(Records from a data source)
┄┄┄┄┄┄┄┄┄┄┄┄┄┄┄┄┄┄┄┄
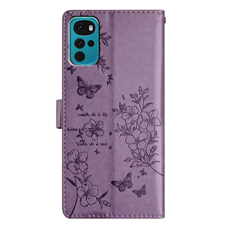 For Motorola Moto G22 Butterflies and Flowers Leather Phone Case(Purple)
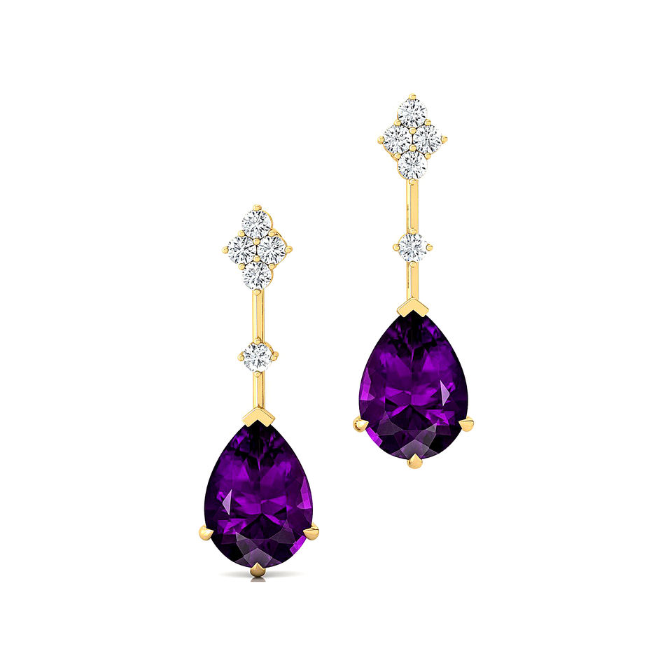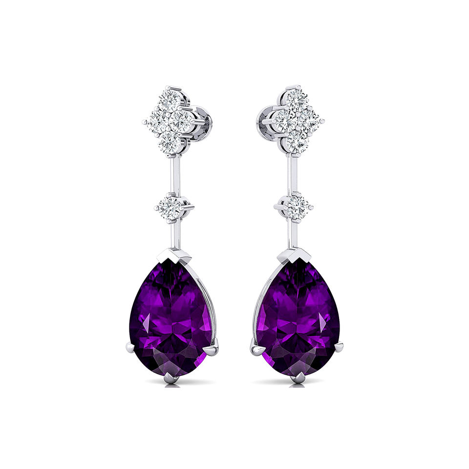 Natural Amethyst Gemstone Stud Earrings 18k Gold Rhodium Plated Cute Minimalist 7x10mm Pear Cut Diamond Wholesale
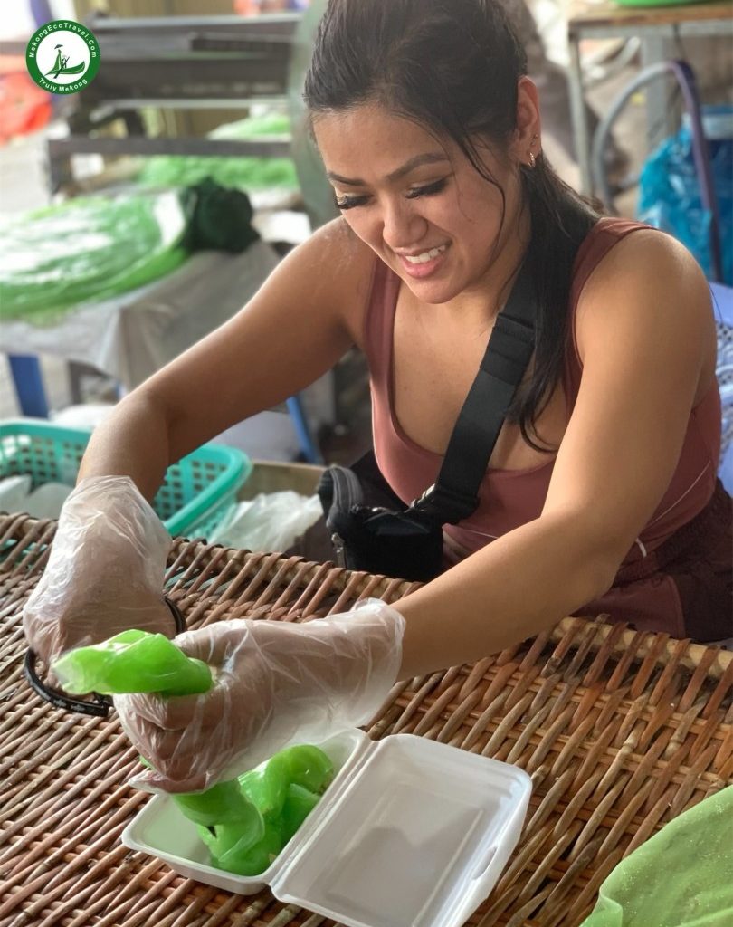 12:15 PM: Visit one more local house for traditional home cooking to make cakes and enjoy the Vietnamese typical local meals in the Southern traditional house and garden. Relaxing on the hammocks next to the trees.
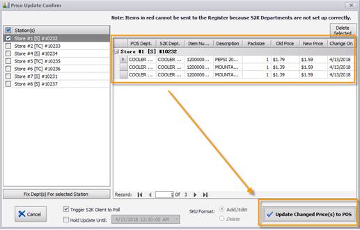 The price changes from the handheld will be pending in this screen for you to send to the POS.
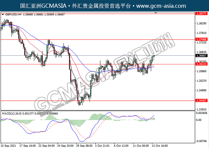 20211014 GBPUSD-午间 by keyk | Oct 14, 2021 | 英镑兑美元 | 0 comments GBPUSD,H4:镑美突破前期压力,多头排列。MACD动能持续略增,短期继续看多为主。上方关注1.3745压力和1.3875压力,下方关注1.3620支撑和1.3435支撑。
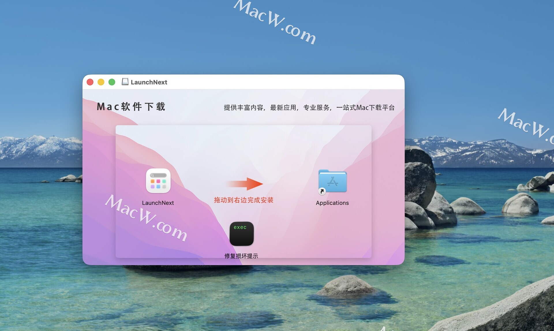 下载完成后,把左侧LaunchNext软件拖动到右侧文件夹即可。
┄┄┄┄┄┄┄┄┄┄┄┄┄┄┄┄┄┄┄┄
### Exercise goal
From the entries above, output every line exactly and omit any image.

### Solution for this task
 For Motorola Moto G22 Butterflies and Flowers Leather Phone Case(Purple)
 Natural Amethyst Gemstone Stud Earrings 18k Gold Rhodium Plated Cute Minimalist 7x10mm Pear Cut Diamond Wholesale
 12:15 PM: Visit one more local house for traditional home cooking to make cakes and enjoy the Vietnamese typical local meals in the Southern traditional house and garden. Relaxing on the hammocks next to the trees.
 The price changes from the handheld will be pending in this screen for you to send to the POS.
 20211014 GBPUSD-午间 by keyk | Oct 14, 2021 | 英镑兑美元 | 0 comments GBPUSD,H4:镑美突破前期压力,多头排列。MACD动能持续略增,短期继续看多为主。上方关注1.3745压力和1.3875压力,下方关注1.3620支撑和1.3435支撑。
 下载完成后,把左侧LaunchNext软件拖动到右侧文件夹即可。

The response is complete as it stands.